- Problem requirements -
What lines in the records below include the word "Siegel"? Return each one.

Supplied data: Begin

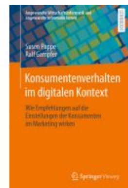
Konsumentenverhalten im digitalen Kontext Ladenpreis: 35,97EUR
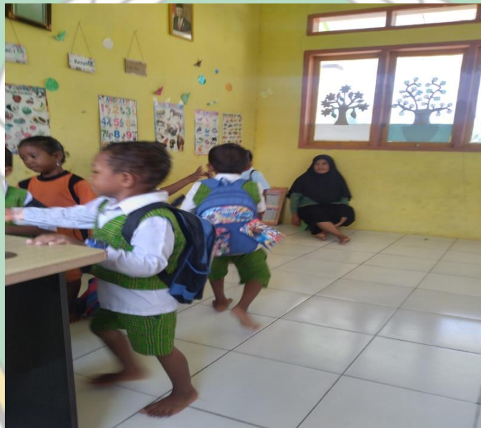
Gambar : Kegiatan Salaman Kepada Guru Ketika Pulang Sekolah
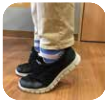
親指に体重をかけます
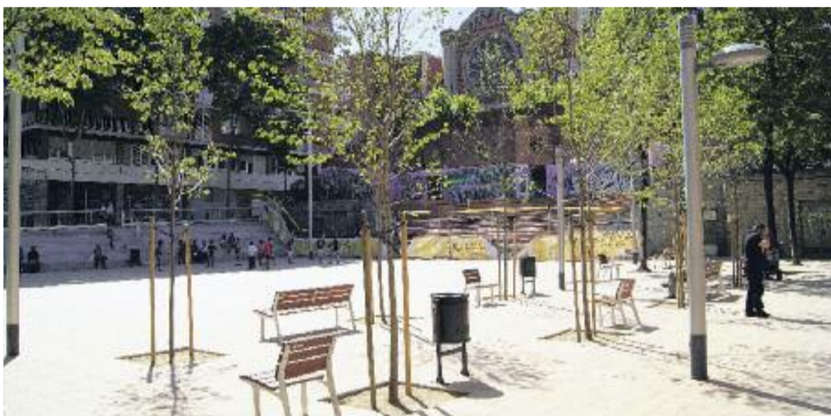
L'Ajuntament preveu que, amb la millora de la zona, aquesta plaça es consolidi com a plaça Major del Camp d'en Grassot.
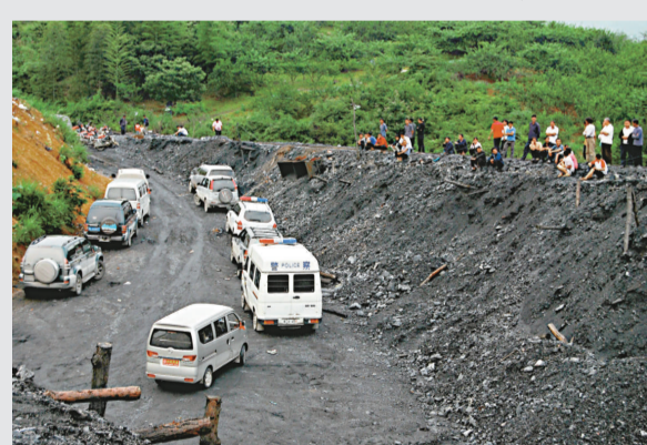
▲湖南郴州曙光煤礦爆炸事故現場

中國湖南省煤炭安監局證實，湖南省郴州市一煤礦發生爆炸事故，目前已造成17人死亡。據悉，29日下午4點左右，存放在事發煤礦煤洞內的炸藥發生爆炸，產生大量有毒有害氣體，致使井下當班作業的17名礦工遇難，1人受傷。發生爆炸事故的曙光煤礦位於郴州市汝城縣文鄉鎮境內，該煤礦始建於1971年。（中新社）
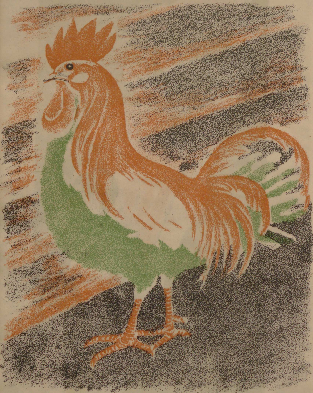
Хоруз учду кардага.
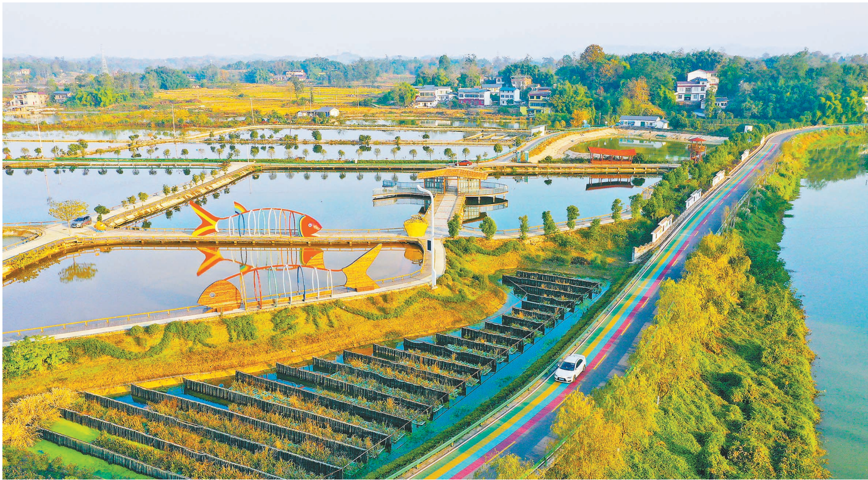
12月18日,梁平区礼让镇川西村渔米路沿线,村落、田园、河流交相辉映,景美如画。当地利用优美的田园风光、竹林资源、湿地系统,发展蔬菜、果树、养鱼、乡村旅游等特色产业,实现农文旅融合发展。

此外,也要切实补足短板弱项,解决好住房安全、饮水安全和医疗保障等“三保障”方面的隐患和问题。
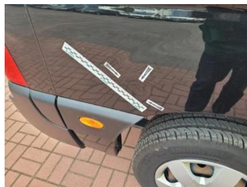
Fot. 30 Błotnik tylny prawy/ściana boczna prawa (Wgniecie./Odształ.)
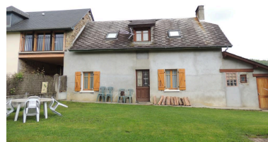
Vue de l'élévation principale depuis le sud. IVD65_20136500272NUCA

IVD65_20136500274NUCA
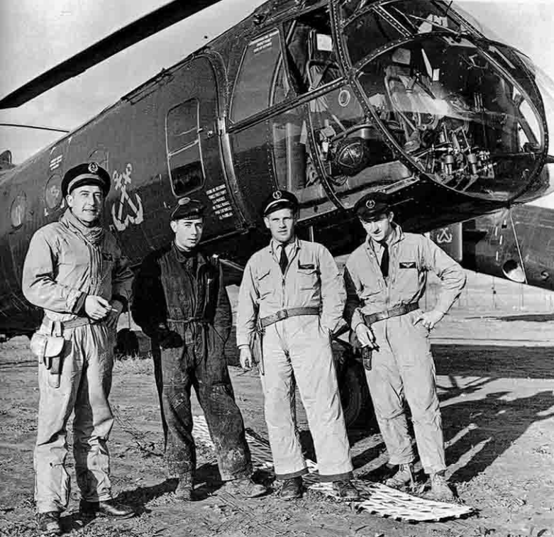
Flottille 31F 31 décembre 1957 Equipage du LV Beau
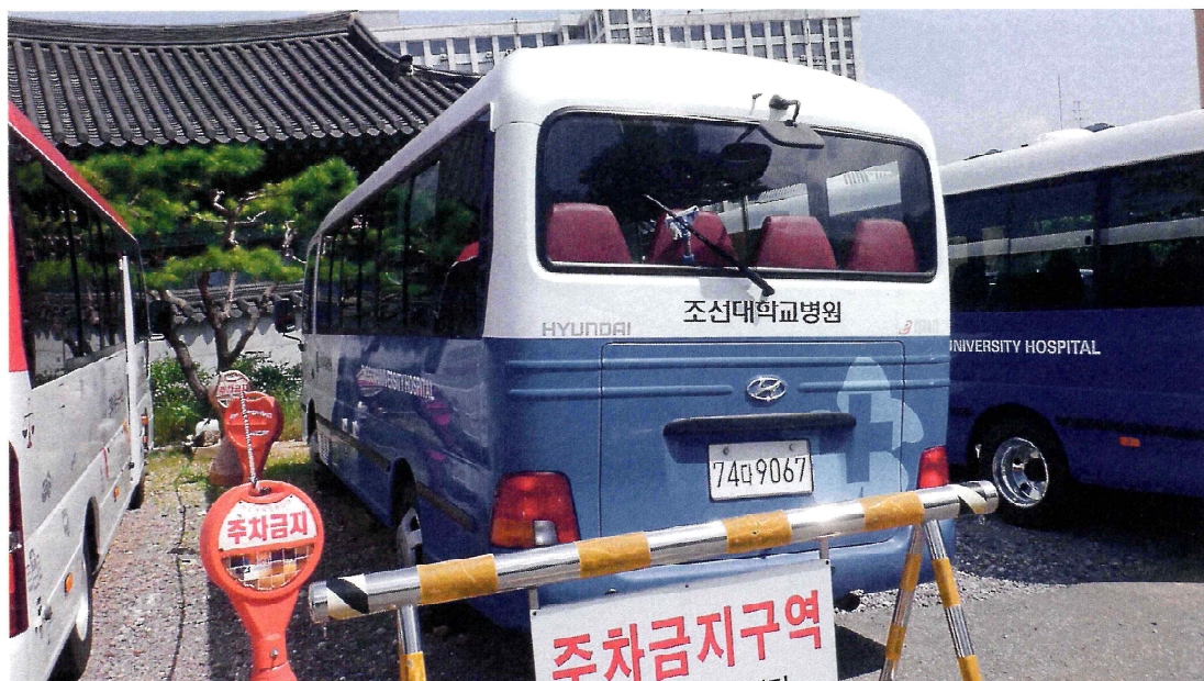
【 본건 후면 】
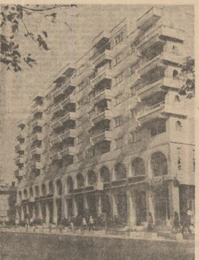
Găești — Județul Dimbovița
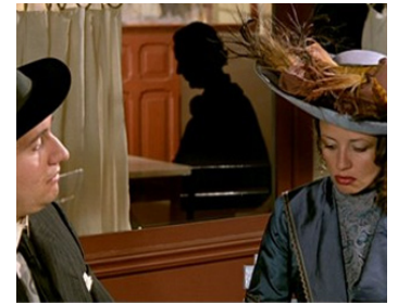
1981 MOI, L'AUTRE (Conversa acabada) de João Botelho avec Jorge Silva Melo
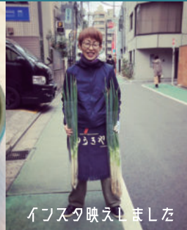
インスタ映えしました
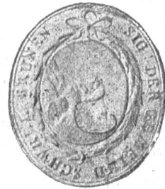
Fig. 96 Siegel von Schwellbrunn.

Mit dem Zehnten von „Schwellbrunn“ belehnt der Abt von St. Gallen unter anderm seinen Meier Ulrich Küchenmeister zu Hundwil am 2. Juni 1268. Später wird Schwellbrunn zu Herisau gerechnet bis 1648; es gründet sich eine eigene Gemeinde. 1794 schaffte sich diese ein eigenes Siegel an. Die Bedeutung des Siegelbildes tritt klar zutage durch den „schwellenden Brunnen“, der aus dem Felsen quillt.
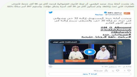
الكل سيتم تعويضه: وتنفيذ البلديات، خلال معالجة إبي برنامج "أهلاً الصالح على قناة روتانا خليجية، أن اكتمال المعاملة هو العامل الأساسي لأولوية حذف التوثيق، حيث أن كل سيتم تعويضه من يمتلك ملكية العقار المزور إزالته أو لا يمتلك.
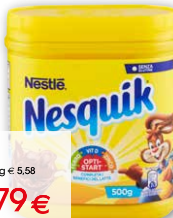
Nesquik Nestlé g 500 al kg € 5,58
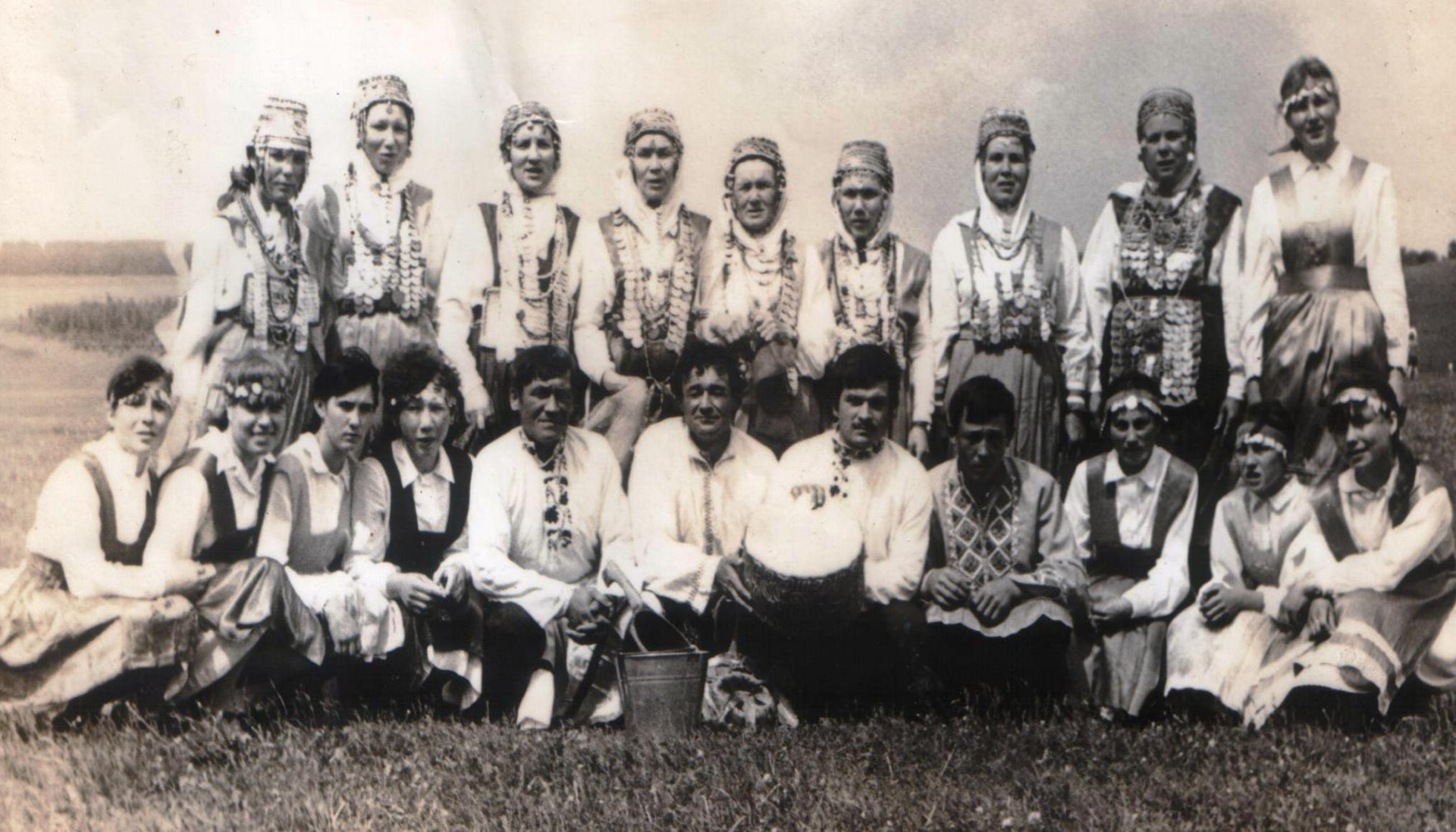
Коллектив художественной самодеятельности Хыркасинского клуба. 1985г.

Supplied data: End

- Output of the exercise -
Fig. 96 Siegel von Schwellbrunn.
Mit dem Zehnten von „Schwellbrunn“ belehnt der Abt von St. Gallen unter anderm seinen Meier Ulrich Küchenmeister zu Hundwil am 2. Juni 1268. Später wird Schwellbrunn zu Herisau gerechnet bis 1648; es gründet sich eine eigene Gemeinde. 1794 schaffte sich diese ein eigenes Siegel an. Die Bedeutung des Siegelbildes tritt klar zutage durch den „schwellenden Brunnen“, der aus dem Felsen quillt.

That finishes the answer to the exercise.